June 9, 2026
Ctrl+F meets main character syndrome
The Evolution of 'More Like This'
Search’s ‘find similar’ makeover has commenters fighting over old-school word matching vs spooky AI vibes
TLDR: The article says “find similar” search is moving from simple word matching to AI-style meaning matching, especially when users start from an existing article, product, or ticket. Commenters are split between people who want exact results they can trust and people who want smarter matches that catch the same idea in different words.
This was supposed to be a calm explainer about how the humble “more like this” button evolved from matching obvious shared words to using modern AI-style similarity. Instead, the community turned it into a full-on food fight over whether search should be literal, clever, cheap, or all three. The article’s basic point is simple: older systems found similar items by spotting the same important words, while newer ones try to understand meaning even when the wording changes. Great in theory — and absolute catnip for commenters.
The loudest camp basically yelled, “If I searched for an error code, don’t give me its emotional cousin.” They argued that for things like product IDs, legal text, bug reports, and exact phrases, old-school word matching is still the dependable adult in the room. Another faction fired back that people don’t always describe the same problem the same way, and that modern tools are better at catching the idea instead of just the exact wording. Cue the classic comments-section melodrama: one side calling the new approach magical, the other calling it a very expensive way to be vaguely wrong.

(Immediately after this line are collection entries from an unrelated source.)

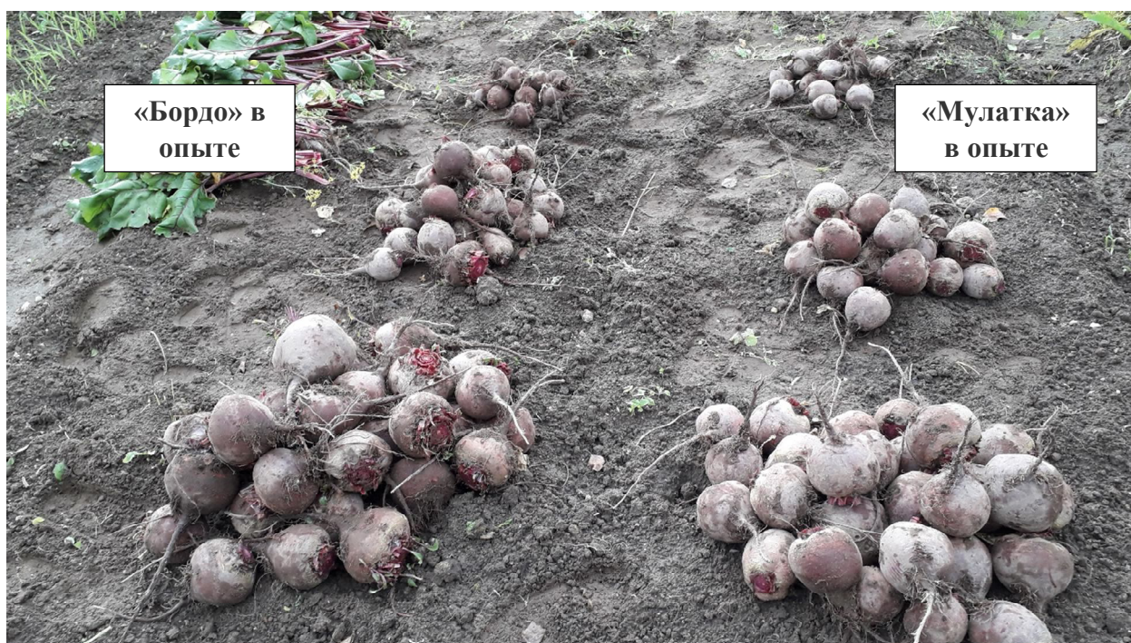
Фото 4. Результаты эксперимента. Контроль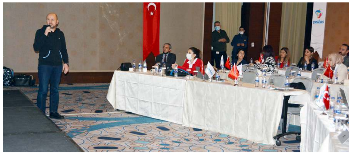
YEDAŞ EFQM Mükemmellik Modeline geçmek için çalışmalarını sürdürüyor.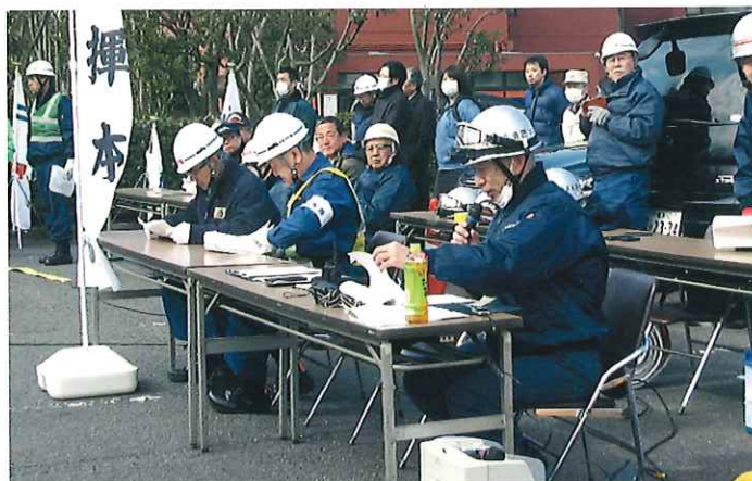
金沢臨海部自衛消防組織訓練会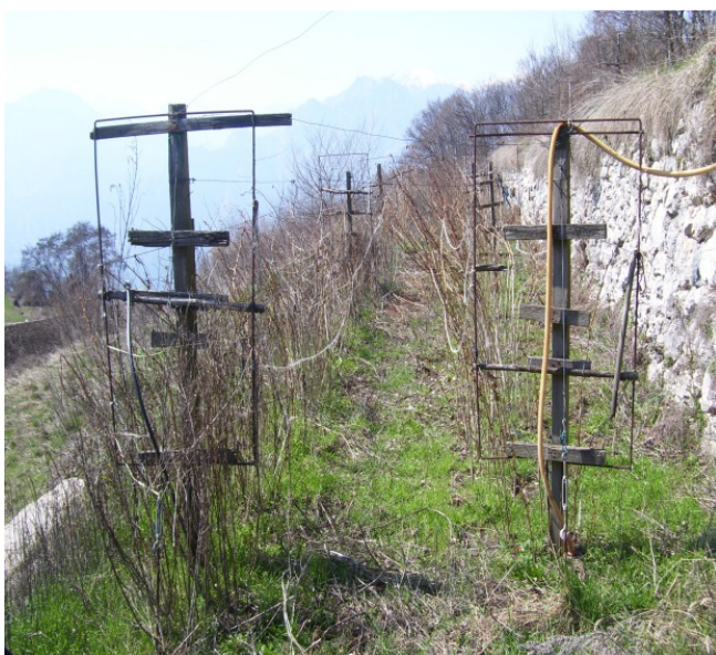
Lampone unifero prima della potatura

Effettuare potatura per diradamento e selezione tralci per la produzione.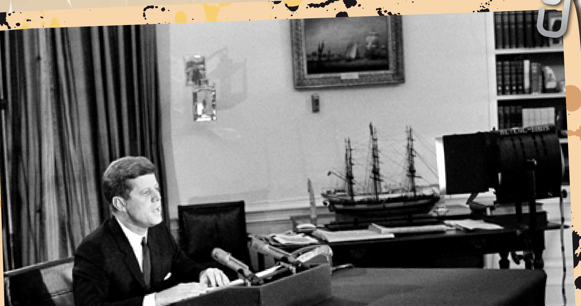
آمریکا تحریم‌های تجاری کاملی را به کوبا تحمیل می‌کند که تا پنجاه سال یعنی سال ۱۳۹۳، ادامه داشته است.

And yes, the jokes wrote themselves. People compared AI search to a friend who hears “memory leak” and replies, “Have you considered vibes?” Others pitched the ideal solution as a messy but lovable combo platter: use exact matching first, then let the smarter system sort the near-misses. In other words, the hottest take wasn’t “old bad, new good” — it was “stop pretending one button can read minds.”
Key Points
- •The article defines More Like This as search that starts from an existing document and aims to find similar documents.
- •It contrasts classic lexical MLT, based on term extraction and full-text ranking, with modern embedding-based similarity search using vectors.
- •The glossary introduces related search concepts including embeddings, KNN, ANN, RAG, hybrid search, and reranking.
- •Classic lexical MLT used mechanisms such as TF-IDF, BM25, stopwords, field boosts, and document-frequency thresholds, often exposed through parameters like `min_term_freq` and `max_query_terms`.
- •Lexical MLT remains effective for exact identifiers and stable wording such as error codes, SKUs, stack traces, and legal text, but can miss synonyms, paraphrases, and cross-lingual matches.